Jasper Barenberg: Wir haben heute Morgen schon darüber berichtet: Eine einzige Unterschrift fehlt noch, damit der EU-Reformvertrag von Lissabon in Kraft treten kann. Zu leisten hat sie Tschechiens Präsident Vaclav Klaus. Der hat sich lange dagegen gesträubt und erst kürzlich seine Bereitschaft erkennen lassen, am Ende doch zu unterschreiben – gegen Zugeständnisse, versteht sich. Bleibt noch die Klage einiger Senatoren gegen das Reformwerk.

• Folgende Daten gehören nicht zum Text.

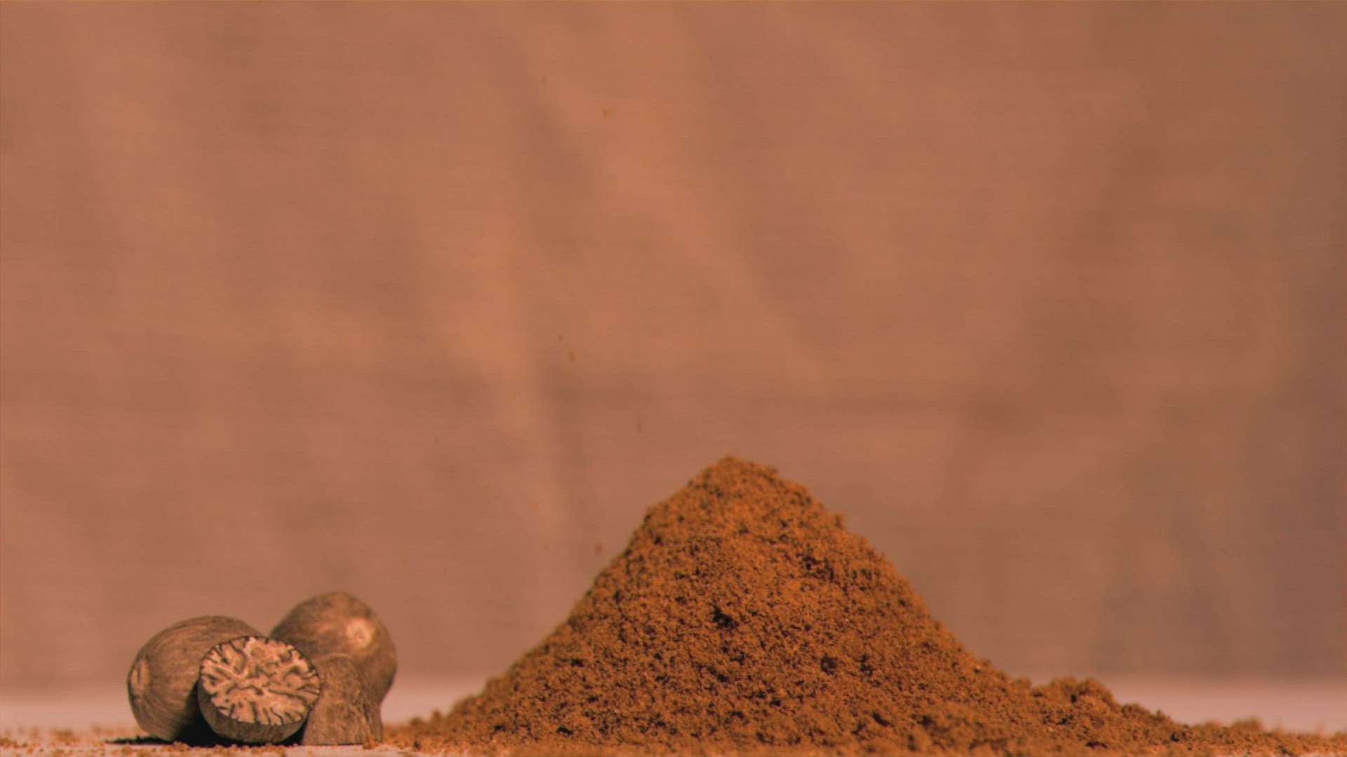 Super slow motion of nutmeg powder falling against brown background

Darüber verhandelt ab heute das Verfassungsgericht in Tschechien. Über den beharrlichen Widerstand seines Präsidenten habe ich vor der Sendung mit dem sozialdemokratischen EU-Abgeordneten Libor Roucek gesprochen und den Vizepräsidenten des EU-Parlamentes auch gefragt, ob die Reform der Europäischen Union am Urteil der 50 Verfassungsrichter in Tschechien am Ende scheitern könnte?
Libor Roucek: Meiner Meinung nach droht das nicht, weil wir haben schon ein Urteil und schon vor ein paar Monaten hat das Verfassungsgericht festgestellt, dass die Vereinbarung zwischen dem Lissaboner Vertrag und der tschechischen Verfassung kein Problem ist. Meiner Meinung nach erwarte ich eine ähnliche Entscheidung.
Barenberg: Rechnen Sie denn auch mit einer schnellen Entscheidung? Es gibt ja Beobachter, die vermuten, dass das Gericht sehr schnell entscheiden wird?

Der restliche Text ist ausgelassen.